Verse 14. - Should the man afterwards come no longer to have pleasure in her, he was to let her go whither she would, but he was not to sell her for money or use any violence to her. Thou shalt not make merchandise of her. The verb in the form here used occurs only here and in Deuteronomy 24:7; derived from a root which signifies to gather or press, it properly means to press for one's self, to lay hands on one, to use violence to one. Deuteronomy 21:14When the woman was taken home to the house of the man who had loved her, she was to shave her head, and make, i.e., cut, her nails (cf. 2 Samuel 19:25), - both customary signs of purification (on this signification of the cutting of the hair, see Leviticus 14:8 and Numbers 8:7), - as symbols of her passing out of the state of a slave, and of her reception into the fellowship of the covenant nation. This is perfectly obvious in her laying aside her prisoner's clothes. After putting off the signs of captivity, she was to sit (dwell) in the house, and bewail her father and mother for a month, i.e., console herself for her separation from her parents, whom she had lost, that she might be able to forget her people and her father's house (Psalm 45:11), and give herself up henceforth in love to her husband with an undivided heart.

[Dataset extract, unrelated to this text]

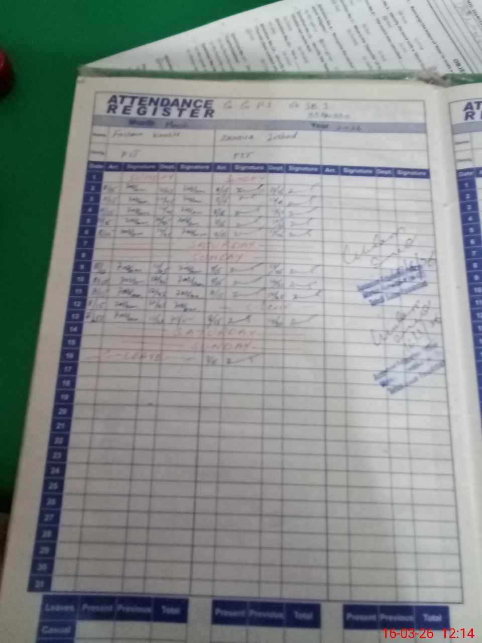 | 33**** | Fa**** Ka**** | PST Arts | Regular | 0 | 0 | 0 | 0 | 0 | 0 | 0 | 0 | 0 | Casual |

The intention of these laws was not to protect the woman against any outbreak of rude passion on the part of the man, but rather to give her time and leisure to loosen herself inwardly from the natural fellowship of her nation and kindred, and to acquire affection towards the fellowship of the people of God, into which she had entered against her will, that her heart might cherish love to the God of Israel, who had given her favour in the eyes of her master, and had taken from her the misery and reproach of slavery. But her master becoming her husband, she entered into the rights of a daughter of Israel, who had been sold by her father to a man to be his wife (Exodus 21:7.). If after this her husband should find no pleasure in her, he was to let her go לנפשׁהּ, i.e., at her free will, and not sell her for money (cf. Exodus 21:8). "Thou shalt not put constraint upon her, because thou hast humbled her." התעמּר, which only occurs again in Deuteronomy 24:7, probably signifies to throw oneself upon a person, to practise violence towards him (cf. Ges. thes. p. 1046).